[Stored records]
--*--
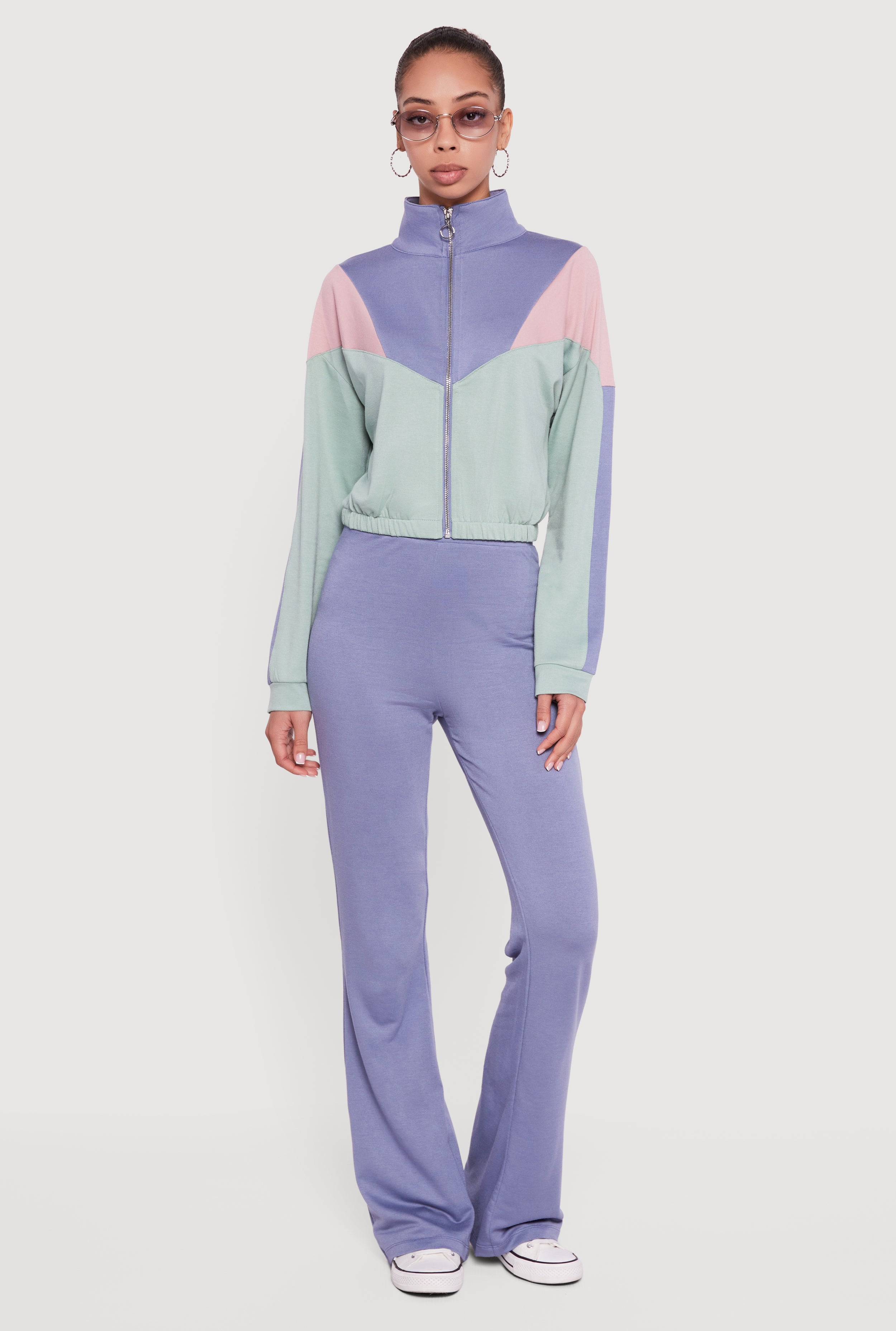 Color Block Scuba Cropped Mock Neck Zip Front Top
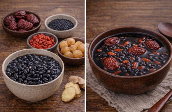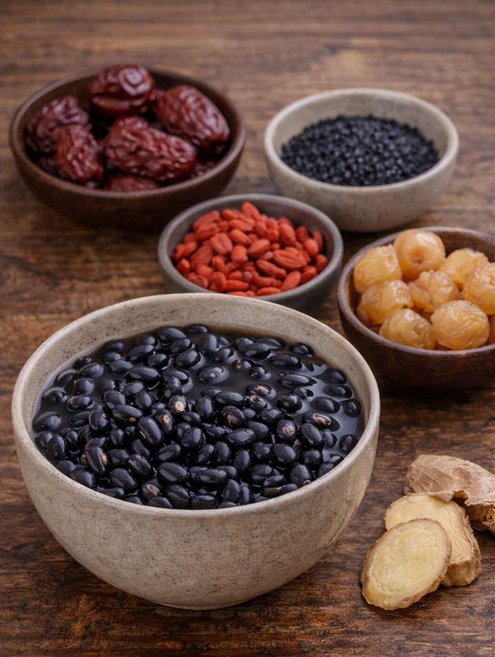 先把黑豆提前浸泡4小时以上,泡到微微裂口为佳。锅中加入净水,放入黑豆和生姜,大火煮开后转小火慢煮30分钟。接着放入红枣和黑芝麻,再煮15分钟,终末关火前加入枸杞焖5分钟即可。
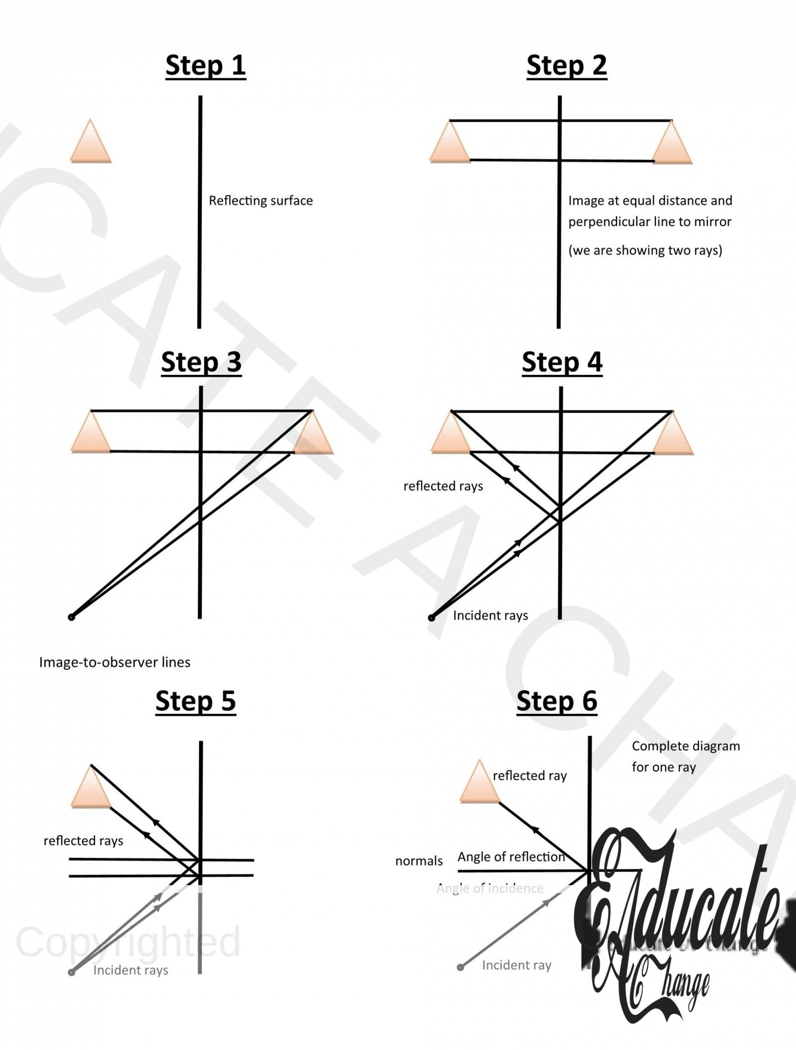 - Join object to the point on the mirror as incidence ray, and the other as reflected ray.
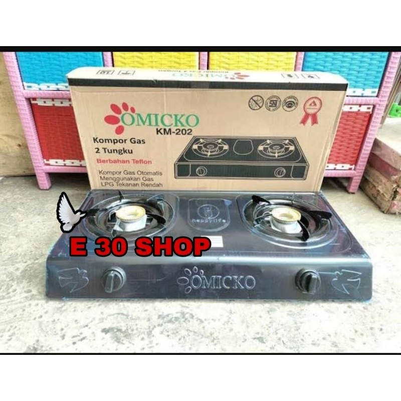 Kompor Gas 2 Tungku Kompor Gas LPG Otomatis Omicko KM-202 Teflon
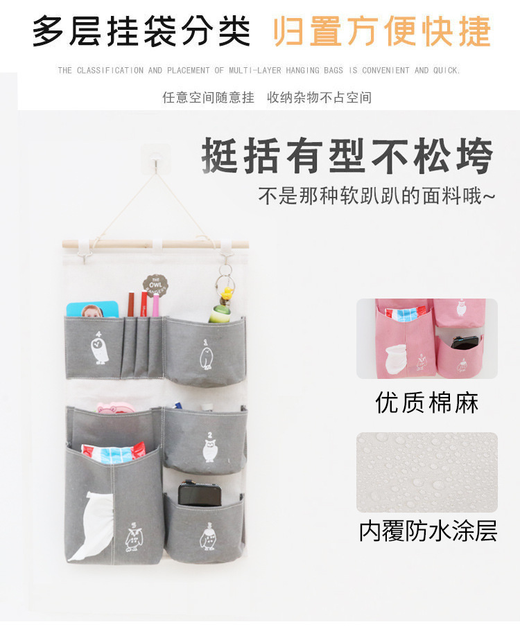 宿舍棉麻纸巾抽防水内衣收纳挂袋墙上悬挂式多层收纳防尘储物袋
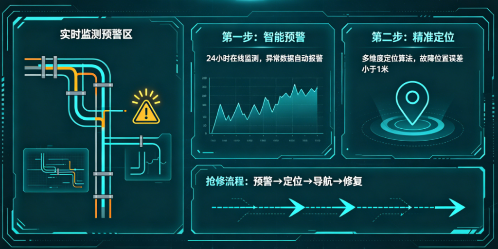 而电力行业电缆故障预警与精确定位系统,就像给电缆抢修装了“导航”,让抢修变得简单、精准。系统的预警功能,就像导航的“提前提醒”,能在故障发生前,提前发现隐患,提醒运维人员及时处理,避免故障发生;即使故障发生,系统也会立即发出报警,告知运维人员故障类型和大致范围。而定位功能,就像导航的“精准指引”,能精准锁定故障点位置,告诉运维人员“故障点就在这里”,无需猜测、无需盲目排查。
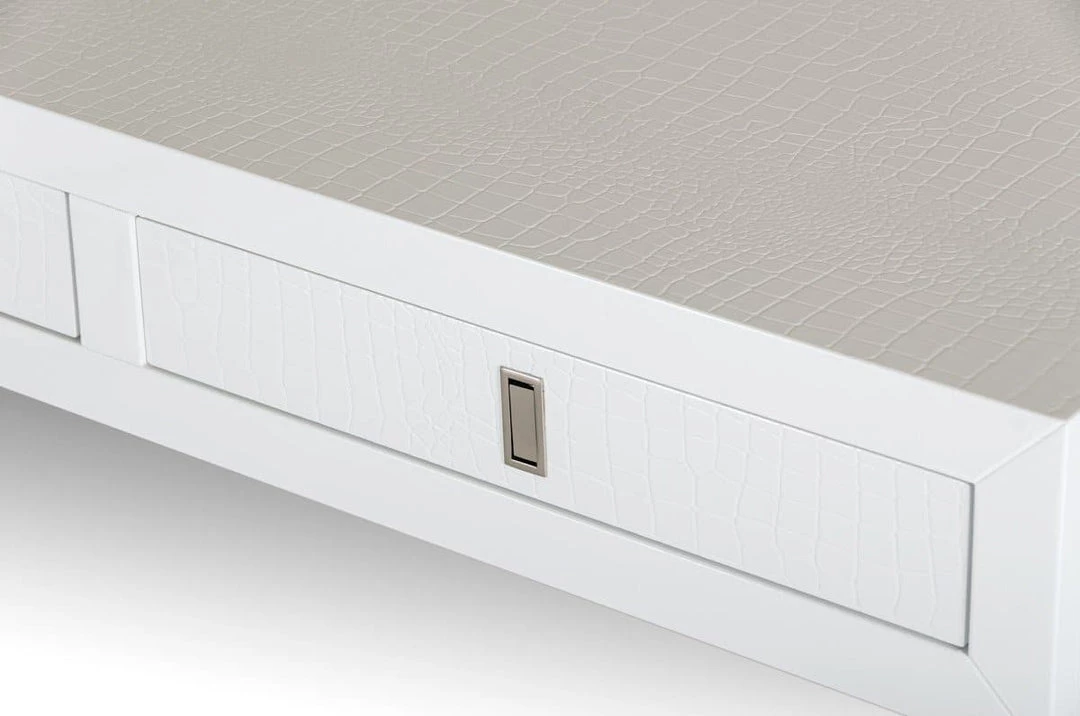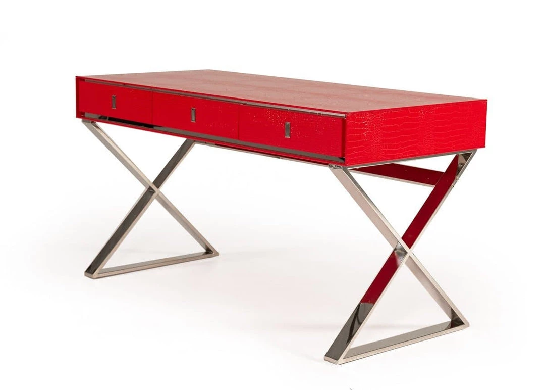 - A detailed laser-cut crocodile textured pattern covers the framework of the Congress desk. The frame is then polished with a rich red lacquer to create a glistening effect. Features three storage drawers and contemporary “X-shaped” stainless steel legs. Matches the A&X Collection. Also available in white and black.
--*--
- _What is required_: Each line from the one that contains "- Join object" through the end of the records should be restated exactly; include both end lines and leave any pictures out.

- _Written solution_:
 - Join object to the point on the mirror as incidence ray, and the other as reflected ray.
 Kompor Gas 2 Tungku Kompor Gas LPG Otomatis Omicko KM-202 Teflon
 宿舍棉麻纸巾抽防水内衣收纳挂袋墙上悬挂式多层收纳防尘储物袋
 而电力行业电缆故障预警与精确定位系统,就像给电缆抢修装了“导航”,让抢修变得简单、精准。系统的预警功能,就像导航的“提前提醒”,能在故障发生前,提前发现隐患,提醒运维人员及时处理,避免故障发生;即使故障发生,系统也会立即发出报警,告知运维人员故障类型和大致范围。而定位功能,就像导航的“精准指引”,能精准锁定故障点位置,告诉运维人员“故障点就在这里”,无需猜测、无需盲目排查。
 - A detailed laser-cut crocodile textured pattern covers the framework of the Congress desk. The frame is then polished with a rich red lacquer to create a glistening effect. Features three storage drawers and contemporary “X-shaped” stainless steel legs. Matches the A&X Collection. Also available in white and black.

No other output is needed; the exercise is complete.